Khosravi Bardia, Rouzrokh Pouria, Erickson Bradley J
Radiology Informatics Lab (RIL), Department of Radiology, Mayo Clinic, Rochester, Minnesota.
Orthopedic Surgery Artificial Intelligence Laboratory (OSAIL), Department of Orthopedic Surgery, Mayo Clinic, Rochester, Minnesota.
J Bone Joint Surg Am. 2022 Oct 19;104(Suppl 3):51-55. doi: 10.2106/JBJS.22.00567.

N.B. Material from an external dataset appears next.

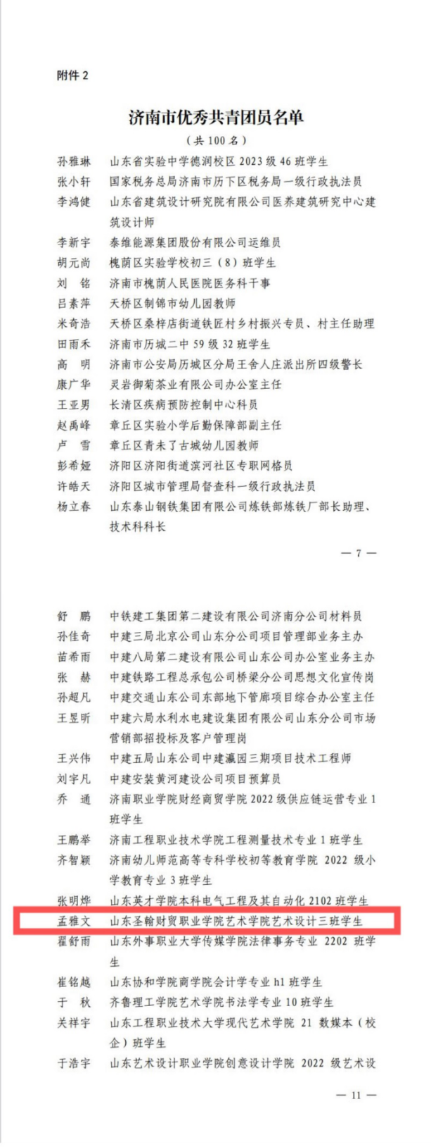 2023年度济南市优秀共青团员:孟雅文 山东圣翰财贸职业学院艺术学院艺术设计三班学生

Electronic health records (EHRs) have created great opportunities to collect various information from clinical patient encounters. However, most EHR data are stored in unstructured form (e.g., clinical notes, surgical notes, and medication instructions), and researchers need data to be in computable form (structured) to extract meaningful relationships involving variables that can influence patient outcomes. Clinical natural language processing (NLP) is the field of extracting structured data from unstructured text documents in EHRs. Clinical text has several characteristics that mandate the use of special techniques to extract structured information from them compared with generic NLP methods. In this article, we define clinical NLP models, introduce different methods of information extraction from unstructured data using NLP, and describe the basic technical aspects of how deep learning-based NLP models work. We conclude by noting the challenges of working with clinical NLP models and summarizing the general steps needed to launch an NLP project.
电子健康记录(EHRs)为从临床患者诊疗过程中收集各类信息创造了巨大机遇。然而,大多数电子健康记录数据以非结构化形式存储(如临床记录、手术记录和用药说明),而研究人员需要数据以可计算形式(结构化)来提取涉及可能影响患者预后的变量之间的有意义关系。临床自然语言处理(NLP)是从电子健康记录中的非结构化文本文档提取结构化数据的领域。与通用自然语言处理方法相比,临床文本具有若干特性,这就要求使用特殊技术从中提取结构化信息。在本文中,我们定义临床自然语言处理模型,介绍使用自然语言处理从非结构化数据中提取信息的不同方法,并描述基于深度学习的自然语言处理模型的基本技术原理。我们通过指出使用临床自然语言处理模型的挑战并总结开展自然语言处理项目所需的一般步骤来结束本文。